Secondo recenti sondaggi, tra i partiti certi di superare la soglia dei dieci seggi nessuno è di sinistra. Israele è stato governato per anni dalla sinistra producendo leader di spicco come David Ben Gurion, Ytzak Rabin e Shimon Peres ma non indica un primo ministro da vent’anni. Una ventata d’aria fresca è stata portata alla sinistra israeliana a fine gennaio 2021 quando il Partito Laburista ha eletto il suo nuovo leader con la speranza di risollevare le sorti del partito. La nuova leader è Merav Michaeli, membro della Knesset dal 2013. La sua figura carismatica emerse esponenzialmente in occasione della sua opposizione alla scelta del Partito Laburista di entrare a far parte di un governo di coalizione con il Likud e il partito Blu e Bianco. La Michaeli fu l’unica dei deputati del suo partito a rimanere nell’opposizione e ora che ha vinto le primarie con il 77% dei voti dovrà darsi da fare per dare nuova linfa al partito guadagnando consensi, tramite una campagna elettorale efficace, in un periodo decisamente limitato.

Frattanto le proteste degli israeliani contro il premier uscente Netanyahu raggiungono la ventinovesima settimana consecutiva. Il fulcro delle proteste ruota attorno al processo che lo accusa di frode, abuso d’ufficio e corruzione, che però è stato rimandato a causa del lockdown nazionale. A questo si aggiunge anche un malcontento derivante dalla gestione della pandemia di Covid-19. Nonostante un piano economico da 25 miliardi di dollari, il più imponente della storia israeliana, gravi ripercussioni hanno colpito l’economia di Israele, che registra una diminuzione del -6% del Pil nel 2020 e un tasso di disoccupazione che si è assestato intorno al 15% a novembre, dopo aver raggiunto il picco massimo del 27% nella fase più acuta della pandemia.

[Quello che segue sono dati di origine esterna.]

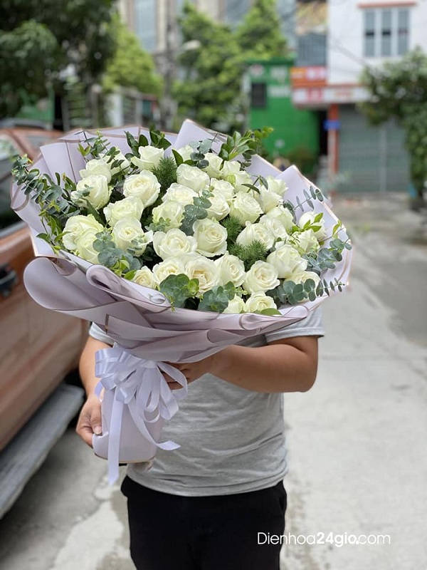 Bó hoa hồng trắng tượng trưng cho tình bạn trong sáng hay là sự ngọt ngào nhẹ nhàng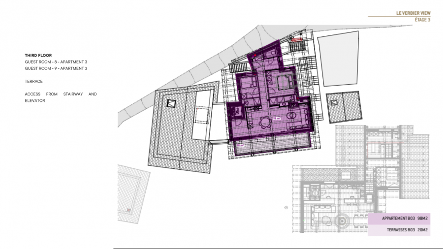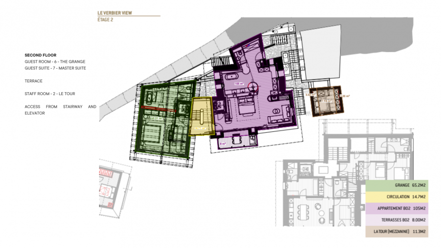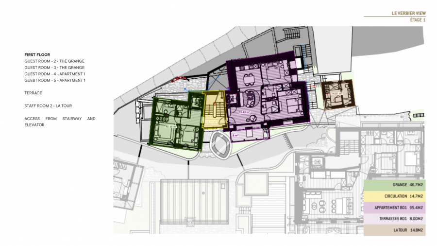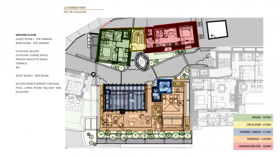 Из шале открываются непревзойденные панорамные виды на долину Вербье. В шале расположены десять высококлассных люксов, созданных для размещения до 20 гостей в формате «бутик-отеля». Верхние этажи отведены под эксклюзивные номера, включающие просторные люксы с ванными комнатами и прямым выходом на частные балконы и террасы общей площадью более 140 кв. м.

Tali dinamiche hanno portato ad un indebolimento dello Stato e alla conseguente perdita di fiducia nelle istituzioni. Questa disfunzione all’interno del governo israeliano rappresenta una della più grandi minacce alla stabilità del Paese e alla sua situazione strategica. La pandemia di Covid-19 ha portato ad una crisi su più fronti, da quello sociale a quello economico e politico.

Tenendo in considerazione questi dati, difficilmente la prossima tornata elettorale produrrà un vincitore. La causa è da imputarsi alla mancata stabilità della maggioranza inserita in un contesto politico estremamente precario così come l’ascesa del nuovo partito New Hope di Gideon Sa’ar conferisce maggiore instabilità allo scenario. Inoltre, alla domanda su chi sia più adatto ad essere primo ministro tra Netanyahu e Gideon Sa’ar, il 43% ha risposto Netanyahu e il 42% Sa’ar: la differenza più piccola dall’inizio delle elezioni. L’unico punto certo al momento è l’affermazione della frammentata destra israeliana, salvo un miracolo della Michaeli. Tuttavia, la speranza più grande delle prossime elezioni del 23 marzo risiede nel superamento dello stallo attraverso vari compromessi che permettano il ritrovamento dell’armonia tra le varie fazioni.